Abo-Commerce

Abo-Commerce

Viele Online Marketer konzentrieren sich beim Aufbau ihrer Unternehmung immer wieder auf den zielorientierten Vertrieb einzelner Produkte. Ihr Fokus richtet sich auf Dinge wie dem Aufbau einer perfekten Landingpage oder weiteren Vertriebsstrategien. Eine ganz andere Strategie, die nicht neu ist, jedoch inzwischen zum Trend avanciert, ist das Abo-Commerce.

Was genau verbirgt sich hinter dem Begriff des Abo-Commerce?

Das Wort ist eigentlich selbsterklärend. Bei Abo-Commerce handelt es sich um den Verkauf von Abonnements.

Das wohl Bekannteste ist das Zeitungs-Abo, bei dem monatlich feste Zahlungen vom Kunden geleistet werden und dieser nach Vereinbarung regelmäßig eine Zeitung erhält. Das digitalen Abo funktioniert nach dem gleichen Prinzip. Regelmäßig zahlende Kunden erhalten von Ihnen als Anbieter regelmäßige Leistungen.

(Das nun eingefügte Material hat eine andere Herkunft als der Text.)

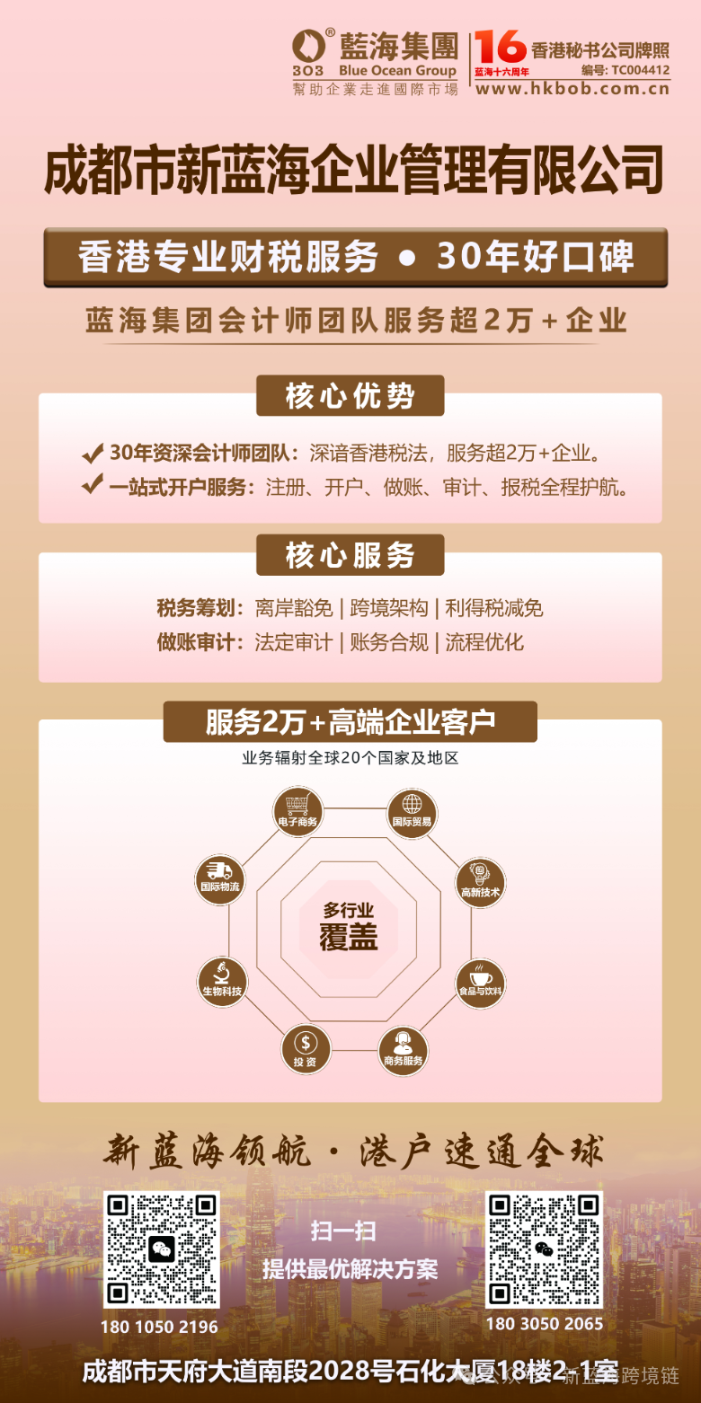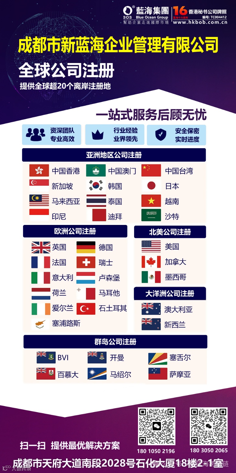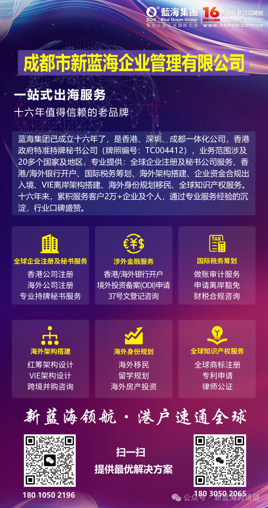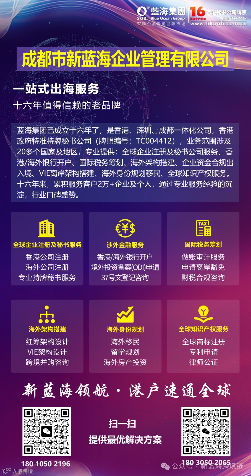成都市新蓝海企业管理公司于2025年4月落户四川天府新区石化大厦,我公司是香港蓝海集团为响应国家关于新时代推进西部大开发形成新格局战略号召,在成都设立的帮助企业出海、外资企业来华投资提供“一站式”综合服务的公司。

Anders als beim Vertrieb einzelner Produkt handelt es sich hierbei nicht um eine punktuelle Transaktion, die danach abgeschlossen ist. Stattdessen erstreckt sich hier das Kunde-Verkäufer-Verhältnis über einen längeren Zeitraum.

Dass Abo-Commerce nun im Trend liegt, hat viele Gründe. Ausschlaggebend dürfte allerdings sein, dass Abonnements auch im online Business eine enorme Kundenbindung erzeugen und auf längere Sicht kalkulierbare Umsätze generieren.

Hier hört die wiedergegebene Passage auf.